Comunismo: el dios que fracasó
Libertad Digital, Madrid
Este primero de noviembre, ocho días antes del aniversario de la caída del Muro de Berlín, fallecía allí, en la capital alemana, Günter Schabowski, el funcionario comunista que desencadenó el acontecimiento. En una rueda de prensa, a preguntas de los periodistas, Schabowski pronunció las palabras decisivas: "Ab sofort, unverzüglich" ("de inmediato, sin demora"), que condujeron a miles de habitantes de Berlín Oriental aquella noche hasta el Muro con la voluntad de pasar a la parte occidental.
No hubo ya manera de impedir aquel primer ejercicio de libertad de los ossis, que hasta entonces sólo podían atravesar el Muro a riesgo de su vida, es decir, si conseguían burlar la vigilancia de los vopos y escapar de sus disparos. Porque el área que rodeaba al Muro en Berlín Este, que yo vi muchas veces en los primeros años 80 desde los miradores que había en el Oeste, era el que rodea una cárcel de alta seguridad o un campo de concentración.
El 9 de noviembre de hace veintiséis años los muros de aquella cárcel se vinieron abajo, pero el derrumbe del comunismo como fe revolucionaria a la que se convertían millones de personas en todo el mundo, dispuestas muchas de ellas a entregar su vida por la causa, se había producido décadas antes. En 1989 hacía tiempo que sólo había comunistas en los países no comunistas, y que el mundo comunista era una cáscara vacía, un mundo congelado que, tal vez por eso mismo, parecía capaz de mantenerse a perpetuidad por la pura inercia y por la impura eficacia de su extenso aparato de vigilancia y represión.

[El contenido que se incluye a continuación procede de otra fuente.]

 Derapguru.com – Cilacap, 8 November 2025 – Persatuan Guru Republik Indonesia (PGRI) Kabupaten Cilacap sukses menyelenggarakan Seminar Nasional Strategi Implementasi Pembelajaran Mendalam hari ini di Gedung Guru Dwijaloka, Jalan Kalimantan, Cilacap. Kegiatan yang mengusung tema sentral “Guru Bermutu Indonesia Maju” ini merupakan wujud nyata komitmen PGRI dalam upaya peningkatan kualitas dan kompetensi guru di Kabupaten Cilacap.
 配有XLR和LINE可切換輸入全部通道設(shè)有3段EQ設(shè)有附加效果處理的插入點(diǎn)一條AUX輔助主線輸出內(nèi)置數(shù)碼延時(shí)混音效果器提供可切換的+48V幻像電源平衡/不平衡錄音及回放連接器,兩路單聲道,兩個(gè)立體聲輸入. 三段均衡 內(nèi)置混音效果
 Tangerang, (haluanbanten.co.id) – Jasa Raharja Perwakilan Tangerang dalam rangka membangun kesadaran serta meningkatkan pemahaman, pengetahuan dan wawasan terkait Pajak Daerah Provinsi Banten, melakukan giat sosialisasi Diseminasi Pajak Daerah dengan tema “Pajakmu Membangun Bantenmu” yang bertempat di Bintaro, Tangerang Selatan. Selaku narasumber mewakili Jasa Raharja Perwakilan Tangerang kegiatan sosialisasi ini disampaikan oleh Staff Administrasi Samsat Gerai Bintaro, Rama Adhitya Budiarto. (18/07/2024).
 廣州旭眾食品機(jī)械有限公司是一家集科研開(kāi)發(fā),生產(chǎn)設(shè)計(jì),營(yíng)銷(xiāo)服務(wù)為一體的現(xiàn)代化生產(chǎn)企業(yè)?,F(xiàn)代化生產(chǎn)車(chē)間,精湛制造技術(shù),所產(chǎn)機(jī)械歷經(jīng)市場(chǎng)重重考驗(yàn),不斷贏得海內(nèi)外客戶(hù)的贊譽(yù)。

De ahí la sorpresa, el hecho de que apenas nadie contara con la caída del comunismo y menos aún con una caída que fue tan rápida como la de un castillo de naipes. Y de ahí, en parte, las interpretaciones que entonces se dieron, una vez más, para tratar de salvar la idea comunista de la realidad abominable que había gestado: aquellos regímenes que se llamaban a sí mismos comunistas no eran realmente comunistas, y lo que había caído, por tanto, no era el comunismo, sino una desviación, una distorsión, una errada versión del ideal.
Más aún, la desaparición de la horrenda realidad del comunismo permitiría trasladar de nuevo la idea al firmamento de las intenciones y dejarla allí perfectamente a salvo de incómodos encontronazos con sus consecuencias. Como escribió Revel en La gran mascarada (2000):
El socialismo encarnado daba pie a la crítica. Pero la utopía, por definición, es imposible de objetar. La firmeza de sus guardianes pudo volver, pues, a no tener límites desde el momento en que su modelo no era ya realidad en ninguna parte.

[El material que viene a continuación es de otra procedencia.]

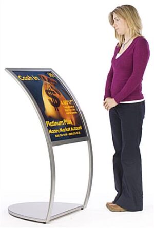 These poster displays, sign frames are very simple to use. Simply sandwich your graphic between the sturdy plastic backer and protective clear lens and slide into the frames’ channel. The backer ensures your poster remains flat within the frames while the non-glare plastic lens protects your poster. These sign frames are crafted from anodized aluminum with a satin silver finish. Frames hold a standard 22″ x 28″ graphic, with about 1/4″ covered on all four sides. A stylish, half-elliptical base adds style and stability to the sign frames. Sign frames ship unassembled to save money on shipping costs. Assembly instructions and hardware are included for simple, 1-person assembly.
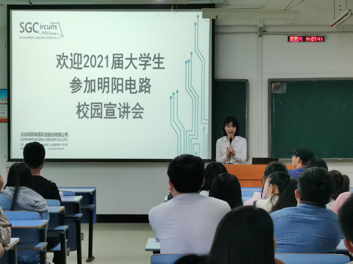 会上,明阳电路有限公司的宣讲人徐经理给毕业生们放了公司宣传视频,让毕业生们对公司有了初步的了解。视频过后,徐经理对公司概况进行一些简短补充,并向毕业生们介绍公司的产品研发、企业文化、招聘需求、员工福利等内容。介绍结束之后,同学们积极提问,公司工作人员热情解答,接着有意向的毕业生向公司递简历,并进行了面试、笔试,最终有部分同学与企业达成了初步意向。
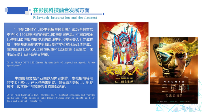 科技与影视在此深度融合。中国影都在数字视听技术方面处于国际领先地位,中影CINITY LED电影屏放映系统成为全球首款支持4K 120帧高格式的影院LED产品,《安国夫人》成为首部全片使用LED虚拟拍摄技术的国产院线影片;博纳影业打造的AIGC短剧《三星堆:未来启示录》成为线上热播作品。影视科技和数字衍生品产业在怀柔实现了从“概念”到“落地”的快速跃迁。
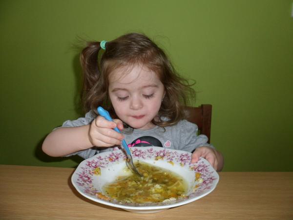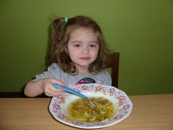ja som dnes robila brokolicovu polievku s kukuricou a mrvenickou a pecene buchty, tu je dokaz, ze polievka bola vyborna, kedze sa nou s chutou krmila aj nasa bambulka 🙂 , predpokladam, ze buchty dnes zmiznu, ked pride domov mm a synator 😀, zajtra budem robit bryndzove halusky, mnaaam
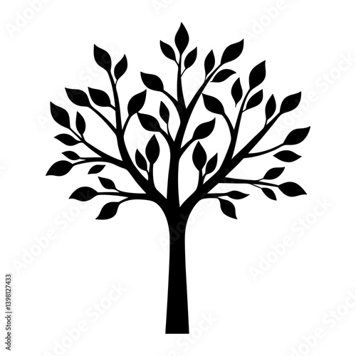 © Tanjila, Obraz premium A Simple Black Silhouette of a Tree with Lush Foliage and a Thick Trunk
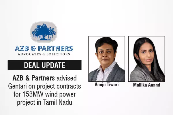 AZB & Partners advised Gentari on project contracts for 153MW wind power project in Tamil Nadu
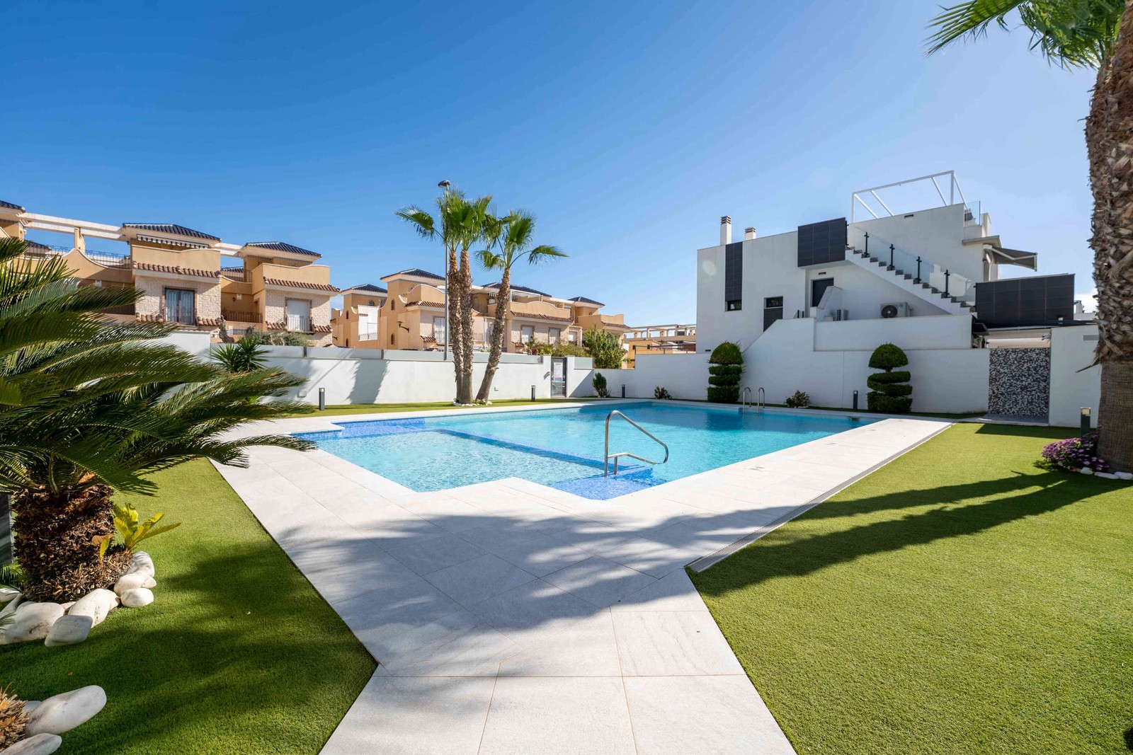 Inom bekvämt gångavstånd finns allt du behöver i vardagen: supermarket, apotek, bageri, butiker, gym och vårdcentral – samt ett stort utbud av restauranger med både internationellt och spanskt kök. Den vackra marinan i Torre de la Horadada ligger alldeles i närheten och erbjuder både båtplatser och en charmig strandpromenad med restauranger vid vattnet. På bara några minuters bilfärd når du dessutom det populära köpcentret La Zenia Boulevard, flera golfbanor i världsklass samt smidiga motorvägsförbindelser till flygplatserna i Alicante och Murcia.
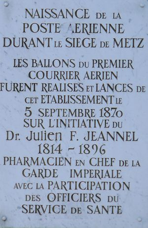 Plate commemorating the launching site of the first airmail carrier in Metz, فرنسا.
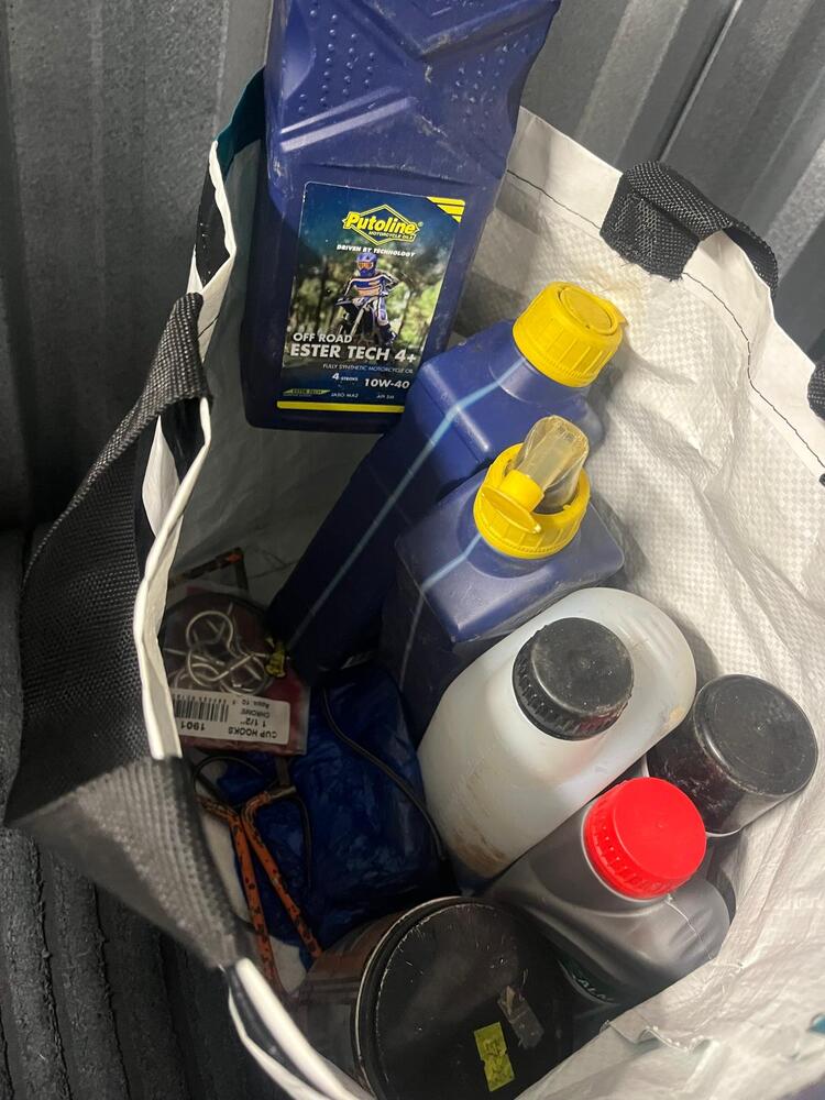 Bag of engine oils and miscellaneous items
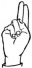 На ћирилици написано ДАРИЈА ПАВКОВ састоји се из 12 слова [?]. Исписано ћириличном једноручном азбуком за глувонеме:

Como el comunismo era un cadáver en 1989, aunque ha de tenerse en cuenta que los cadáveres políticos también pueden matar y sojuzgar, es fácil que se olvide que esa ideología fue la religión secular más importante y duradera -y mortífera- del siglo XX. Es fácil que la imagen del apparatchik cínico y corrupto, del miembro de la Nomenklatura que disfrutaba de unos privilegios y un nivel de vida inimaginables para el común de los súbditos, relegue a la del idealista, el militante comunista convencido y entregado que de buena fe perseguía la realización del paraíso en la Tierra. Sin embargo, ambas figuras no sólo son las caras de la misma moneda, no sólo no hubiera existido la una sin la otra. Resulta que en la figura del idealista está la clave.
En 1949 un laborista de izquierdas, Richard Crossmann, tuvo la idea de hacer un libro con los testimonios de varios excomunistas que se habían desconvertido y eran ya anticomunistas. El libro se llamó The God that Failed (El dios que fracasó), y reunió textos de Arthur Koestler, Ignazio Silone, André Gide y Stephen Spender, entre otros. Podríamos decir que fue el primer libro de disidentes notables –y occidentales– del comunismo. En su introducción, Crossmann dice con gran lucidez:
El atractivo emocional del comunismo reside precisamente en los sacrificios –tanto materiales como espirituales– que requería del converso (…) El atractivo de un partido político corriente es lo que ofrece a sus miembros: el atractivo del comunismo era que no ofrecía nada y lo exigía todo, incluida la entrega de la libertad espiritual.
Esa entrega absoluta al ideal es la clave del poderoso atractivo que ejerció el comunismo, como es la clave de que siga gozando de prestigio aún a día de hoy. Pero justo el hecho de que unos idealistas que querían liberar a la Humanidad engendraran unos regímenes que esclavizaron y mataron a millones de seres humanos debería servir de advertencia. La historia del comunismo, en fin, tendría que ser el antídoto para el idealismo que, en esta o aquella forma, intoxica y embriaga cada tanto, más bien cada poco, a personas y a sociedades.